[What you should do] Leave out the pictures, and copy exactly the lines from the line with "дверь подвешена на" through the last line of the data below.

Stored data
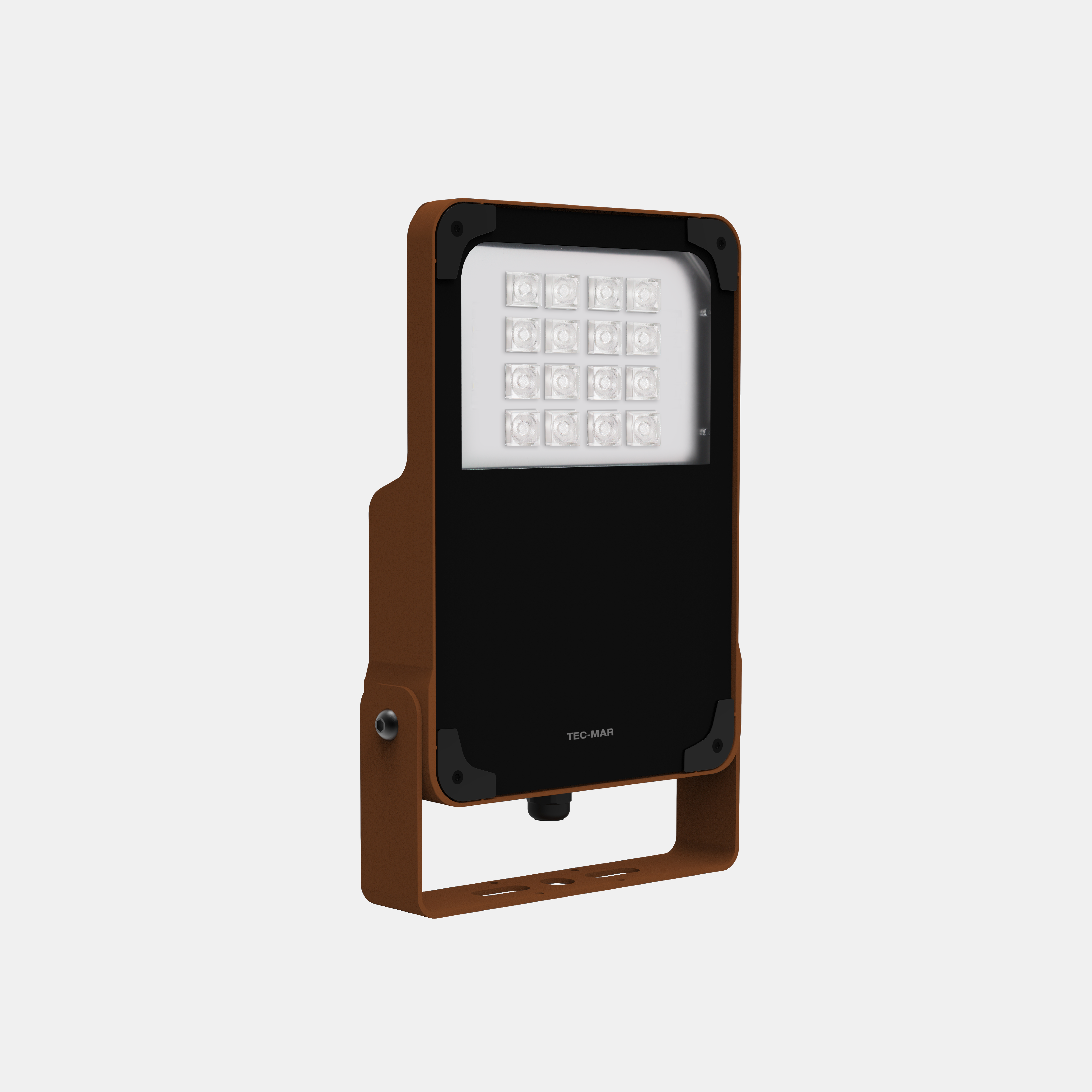 Proiettore led per interni ed esterni RGBW. Adatto per installazioni a terra, parete, su palo o a plafone. Corpo in alluminio pressofuso verniciato con polvere termoindurente poliestere anticorrosione colore corten. Diffusore in vetro piano temperato extrachiaro spessore 4 mm, guarnizione in silicone. Ottica concentrante 30°.
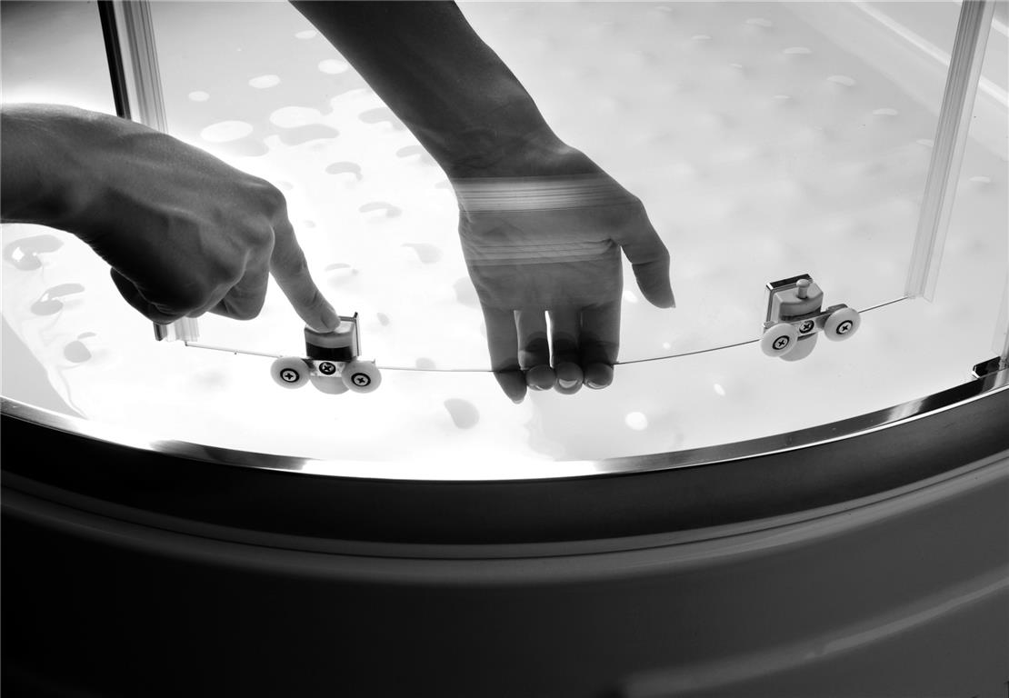 дверь подвешена на двух двойных регулируемых роликах. Ролики с подшипниками, подшипники со смазкой. Это гарантирует тихое и плавное открывание и закрывание двери.
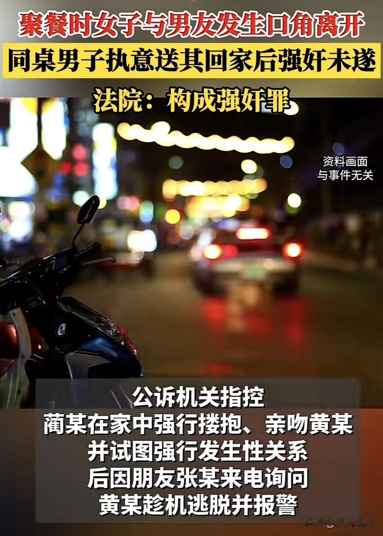 吉林,一女子聚餐时与男友发生口角,同桌男子执意送其回家,可在车上男子却摸女子大腿,还不顾女子反对,跟随她进入其家中并强吻,还将女子推倒在床欲发生关系,女子挣扎逃脱并报警,事后女子谅解了男子,可法院却这样判! 11月12日,红星新闻报道了一篇法院判决。 据了解,事发2022年7月5日晚,蔺海波与三名朋友相约聚餐,同行的有他的多年好友张杰、李胜利,以及李胜利的女友黄莉莉。 四人在一家餐馆内边喝酒边聊天,气氛十分融洽,酒也一杯接一杯地喝了不少。这场聚会从当天晚上8点一直持续到了第二天凌晨3点,几人都已带有明显的醉意。 此时,黄莉莉因感觉疲惫想要回家休息,便向男友李胜利提出想法。但李胜利正与好哥们聊得尽兴,不想因为此事扫了大家的兴,当即一口回绝了黄莉莉的请求。 这一答复让黄莉莉十分生气,两人随即在餐桌旁争执起来,声音越来越大。蔺海波和张杰见状,赶忙起身从中劝解,试图平息两人的矛盾。 在争执没有得到解决的情况下,黄莉莉怒气未消,拿出手机直接叫了一辆网约车,打算独自先行回家。 蔺海波看到黄莉莉要独自深夜返程,当即主动提出要送她回家,称凌晨时分一个女孩子单独出行太不安全。 对于蔺海波的提议,黄莉莉没有接受,当即表示拒绝,但蔺海波并未在意,在网约车到达后,直接拉开副驾驶车门坐了进去,与坐在后排的黄莉莉一同乘车离开。 车辆行驶过程中,黄莉莉逐渐发现蔺海波的状态有些异常。醉酒后的蔺海波开始变得不老实,多次伸手去触碰黄莉莉的大腿,黄莉莉每次都立刻用手将他的手推开,并露出明显的抗拒态度。 一路隐忍到自家小区楼下后,黄莉莉以为终于可以摆脱纠缠,没想到蔺海波丝毫没有下车离开的意思,反而提出要送她上楼到家才算放心。 这一要求让黄莉莉彻底警觉,当即明确表示拒绝,但蔺海波依旧没有放弃,找了各种理由跟在黄莉莉身后一同走进了电梯。 电梯到达黄莉莉居住的楼层后,蔺海波又顺势跟在她身后走进了家中。就在房门关上的瞬间,蔺海波突然上前一把将黄莉莉抱住,并强行亲吻她。 黄莉莉又惊又怕,下意识地奋力反抗,但由于男女力量悬殊,她根本无法挣脱蔺海波的控制。 此时的蔺海波已完全被酒精冲昏头脑,兽性彻底爆发。他用力拖拽着反抗的黄莉莉,将她拉进卧室后狠狠扔到床上,随后开始撕扯自己的衣服,意图实施不法侵害。 就在这千钧一发之际,蔺海波的手机突然响了起来,是好友张杰打来的电话,询问他为何还没返回聚餐的地方。电话铃声让蔺海波的动作出现短暂停顿,注意力也有所分散。 就是这一瞬间的松懈,给了黄莉莉逃脱的机会。她立刻抓住这个间隙,从床上爬起来,拼尽全力推开蔺海波,飞快地跑到门口打开房门逃了出去。 脱离危险后,黄莉莉第一时间拿出手机给男友李胜利打了电话,将自己的遭遇一五一十地告知对方。李胜利得知女友的经历后又气又怒,挂掉电话便立即拨打了110报警。 警方接到报警后,迅速赶往现场处置,在黄莉莉家中将仍未离开的蔺海波当场抓获。到案后,蔺海波对自己酒后的所作所为供认不讳,随后被警方依法刑事拘留。 案发后,蔺海波及其家属深知事情的严重性,主动与黄莉莉沟通协商赔偿事宜,最终向黄莉莉支付了4万元作为经济补偿,可他还是被送上了法庭。 那么,从法律的角度该如何看待此事呢? 1、 如何看待蔺海波的一系列行为? 在网约车上,蔺海波摸黄莉莉大腿,此行为已经构成猥亵,回到黄莉莉家中后,蔺海波不顾黄莉莉反对,采取暴力方式强行将其拖拽至卧室并试图发生关系,其行为已经构成了强奸罪。 根据《刑法》第 236 条规定:以暴力、胁迫或者其他手段强奸妇女的,处三年以上十年以下有期徒刑。因此,应以强奸罪追究蔺海波的刑事责任。 2、为何蔺海波获得了黄莉莉的谅解,还会被送上法庭? 根据《刑事诉讼法》第 290 条规定:刑事谅解是指犯罪嫌疑人与被害人就民事赔偿达成协议并取得谅解后,司法机关可对犯罪嫌疑人 “从宽处理”。 值得注意的是,这里的 “从宽” 仅限于量刑环节,而不能替代定罪,蔺海波虽然取得了黄莉莉的谅解,但他是刑事犯罪,属于公诉案件,只能在量刑上有所减轻,不是出罪或者免刑的条件。 3、 法院该如何审理呢? 法院经审理后认为,蔺海波采取暴力手段,不顾黄莉莉反抗试图与其发生关系,其行为证据确凿,已经构成强奸罪。 根据《刑法》第 23 条规定:已经着手实行犯罪,由于犯罪分子意志以外的原因而未得逞的,是犯罪未遂。对于未遂犯,可以比照既遂犯从轻或者减轻处罚。 考虑到蔺海波取得了黄莉莉的谅解,又有悔罪情节,最后,法院以强奸罪判处蔺海波有期徒刑1年半。 对于此案,大家怎么看? (文中人物均为化名)
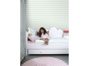 Tapety Yara » Tapety dle materiálu » Vliesové tapety » Bílo-zelená vliesová tapeta na zeď, geometrický cik cak vzor 128858, Little Bandits, Esta
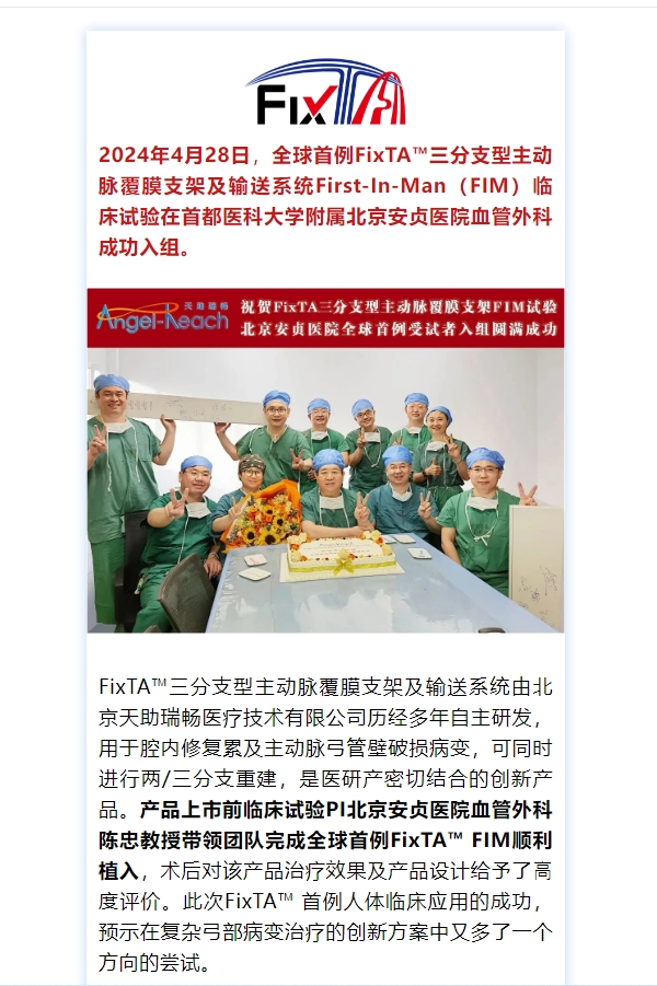 MA里程碑 全球首例北京天助瑞暢FixTA?三分支型主動(dòng)脈覆膜支架及輸送系統(tǒng)FIM臨床試驗(yàn)成功入組編者薦語:
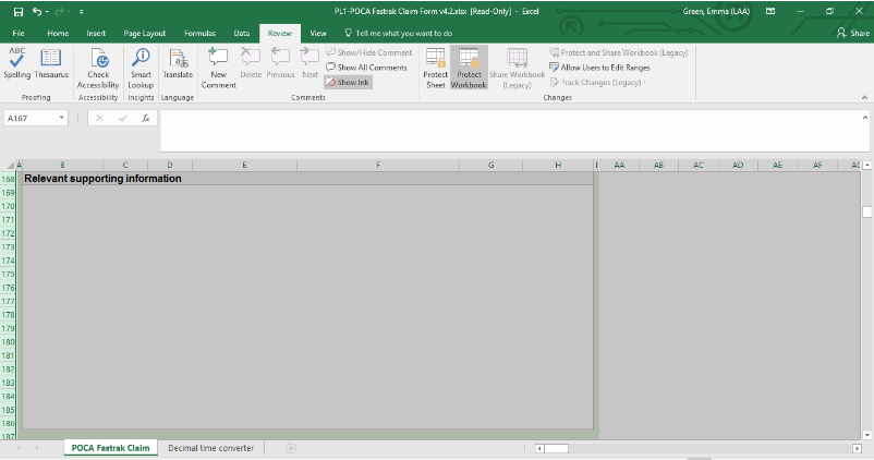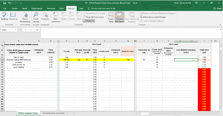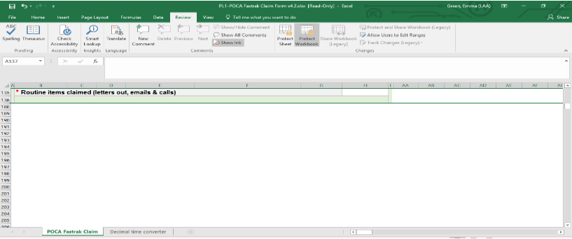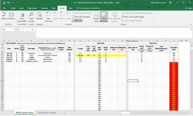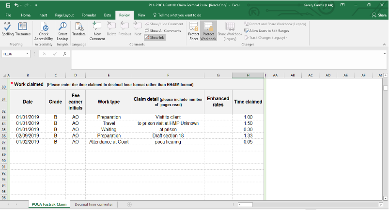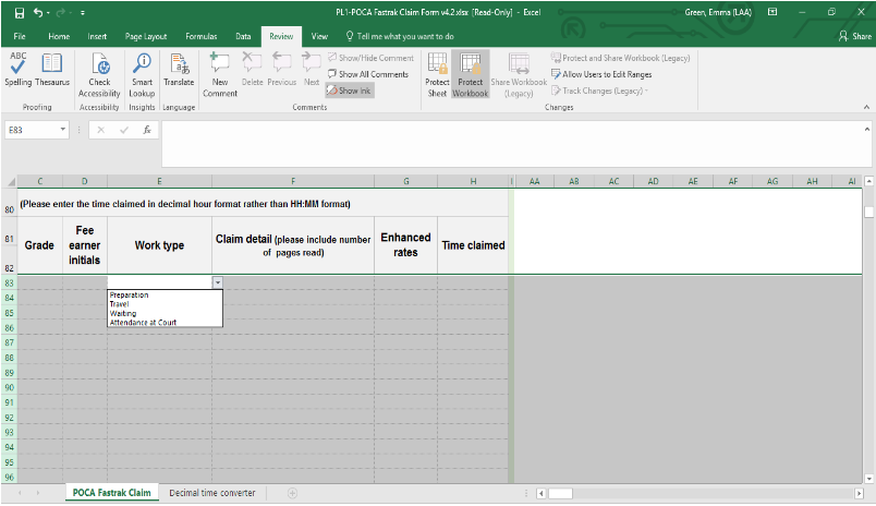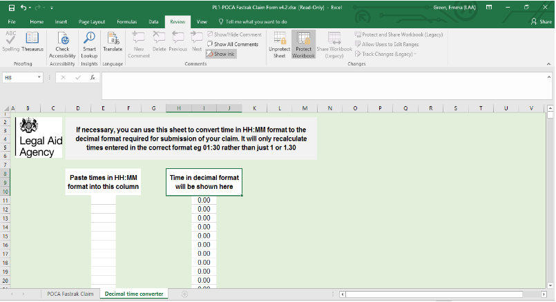 NOTE: A decimal time converter can be found at the final tab on the claim form.

[Solved exercise]
 дверь подвешена на двух двойных регулируемых роликах. Ролики с подшипниками, подшипники со смазкой. Это гарантирует тихое и плавное открывание и закрывание двери.
 吉林,一女子聚餐时与男友发生口角,同桌男子执意送其回家,可在车上男子却摸女子大腿,还不顾女子反对,跟随她进入其家中并强吻,还将女子推倒在床欲发生关系,女子挣扎逃脱并报警,事后女子谅解了男子,可法院却这样判! 11月12日,红星新闻报道了一篇法院判决。 据了解,事发2022年7月5日晚,蔺海波与三名朋友相约聚餐,同行的有他的多年好友张杰、李胜利,以及李胜利的女友黄莉莉。 四人在一家餐馆内边喝酒边聊天,气氛十分融洽,酒也一杯接一杯地喝了不少。这场聚会从当天晚上8点一直持续到了第二天凌晨3点,几人都已带有明显的醉意。 此时,黄莉莉因感觉疲惫想要回家休息,便向男友李胜利提出想法。但李胜利正与好哥们聊得尽兴,不想因为此事扫了大家的兴,当即一口回绝了黄莉莉的请求。 这一答复让黄莉莉十分生气,两人随即在餐桌旁争执起来,声音越来越大。蔺海波和张杰见状,赶忙起身从中劝解,试图平息两人的矛盾。 在争执没有得到解决的情况下,黄莉莉怒气未消,拿出手机直接叫了一辆网约车,打算独自先行回家。 蔺海波看到黄莉莉要独自深夜返程,当即主动提出要送她回家,称凌晨时分一个女孩子单独出行太不安全。 对于蔺海波的提议,黄莉莉没有接受,当即表示拒绝,但蔺海波并未在意,在网约车到达后,直接拉开副驾驶车门坐了进去,与坐在后排的黄莉莉一同乘车离开。 车辆行驶过程中,黄莉莉逐渐发现蔺海波的状态有些异常。醉酒后的蔺海波开始变得不老实,多次伸手去触碰黄莉莉的大腿,黄莉莉每次都立刻用手将他的手推开,并露出明显的抗拒态度。 一路隐忍到自家小区楼下后,黄莉莉以为终于可以摆脱纠缠,没想到蔺海波丝毫没有下车离开的意思,反而提出要送她上楼到家才算放心。 这一要求让黄莉莉彻底警觉,当即明确表示拒绝,但蔺海波依旧没有放弃,找了各种理由跟在黄莉莉身后一同走进了电梯。 电梯到达黄莉莉居住的楼层后,蔺海波又顺势跟在她身后走进了家中。就在房门关上的瞬间,蔺海波突然上前一把将黄莉莉抱住,并强行亲吻她。 黄莉莉又惊又怕,下意识地奋力反抗,但由于男女力量悬殊,她根本无法挣脱蔺海波的控制。 此时的蔺海波已完全被酒精冲昏头脑,兽性彻底爆发。他用力拖拽着反抗的黄莉莉,将她拉进卧室后狠狠扔到床上,随后开始撕扯自己的衣服,意图实施不法侵害。 就在这千钧一发之际,蔺海波的手机突然响了起来,是好友张杰打来的电话,询问他为何还没返回聚餐的地方。电话铃声让蔺海波的动作出现短暂停顿,注意力也有所分散。 就是这一瞬间的松懈,给了黄莉莉逃脱的机会。她立刻抓住这个间隙,从床上爬起来,拼尽全力推开蔺海波,飞快地跑到门口打开房门逃了出去。 脱离危险后,黄莉莉第一时间拿出手机给男友李胜利打了电话,将自己的遭遇一五一十地告知对方。李胜利得知女友的经历后又气又怒,挂掉电话便立即拨打了110报警。 警方接到报警后,迅速赶往现场处置,在黄莉莉家中将仍未离开的蔺海波当场抓获。到案后,蔺海波对自己酒后的所作所为供认不讳,随后被警方依法刑事拘留。 案发后,蔺海波及其家属深知事情的严重性,主动与黄莉莉沟通协商赔偿事宜,最终向黄莉莉支付了4万元作为经济补偿,可他还是被送上了法庭。 那么,从法律的角度该如何看待此事呢? 1、 如何看待蔺海波的一系列行为? 在网约车上,蔺海波摸黄莉莉大腿,此行为已经构成猥亵,回到黄莉莉家中后,蔺海波不顾黄莉莉反对,采取暴力方式强行将其拖拽至卧室并试图发生关系,其行为已经构成了强奸罪。 根据《刑法》第 236 条规定:以暴力、胁迫或者其他手段强奸妇女的,处三年以上十年以下有期徒刑。因此,应以强奸罪追究蔺海波的刑事责任。 2、为何蔺海波获得了黄莉莉的谅解,还会被送上法庭? 根据《刑事诉讼法》第 290 条规定:刑事谅解是指犯罪嫌疑人与被害人就民事赔偿达成协议并取得谅解后,司法机关可对犯罪嫌疑人 “从宽处理”。 值得注意的是,这里的 “从宽” 仅限于量刑环节,而不能替代定罪,蔺海波虽然取得了黄莉莉的谅解,但他是刑事犯罪,属于公诉案件,只能在量刑上有所减轻,不是出罪或者免刑的条件。 3、 法院该如何审理呢? 法院经审理后认为,蔺海波采取暴力手段,不顾黄莉莉反抗试图与其发生关系,其行为证据确凿,已经构成强奸罪。 根据《刑法》第 23 条规定:已经着手实行犯罪,由于犯罪分子意志以外的原因而未得逞的,是犯罪未遂。对于未遂犯,可以比照既遂犯从轻或者减轻处罚。 考虑到蔺海波取得了黄莉莉的谅解,又有悔罪情节,最后,法院以强奸罪判处蔺海波有期徒刑1年半。 对于此案,大家怎么看? (文中人物均为化名)
 Tapety Yara » Tapety dle materiálu » Vliesové tapety » Bílo-zelená vliesová tapeta na zeď, geometrický cik cak vzor 128858, Little Bandits, Esta
 MA里程碑 全球首例北京天助瑞暢FixTA?三分支型主動(dòng)脈覆膜支架及輸送系統(tǒng)FIM臨床試驗(yàn)成功入組編者薦語:
 NOTE: A decimal time converter can be found at the final tab on the claim form.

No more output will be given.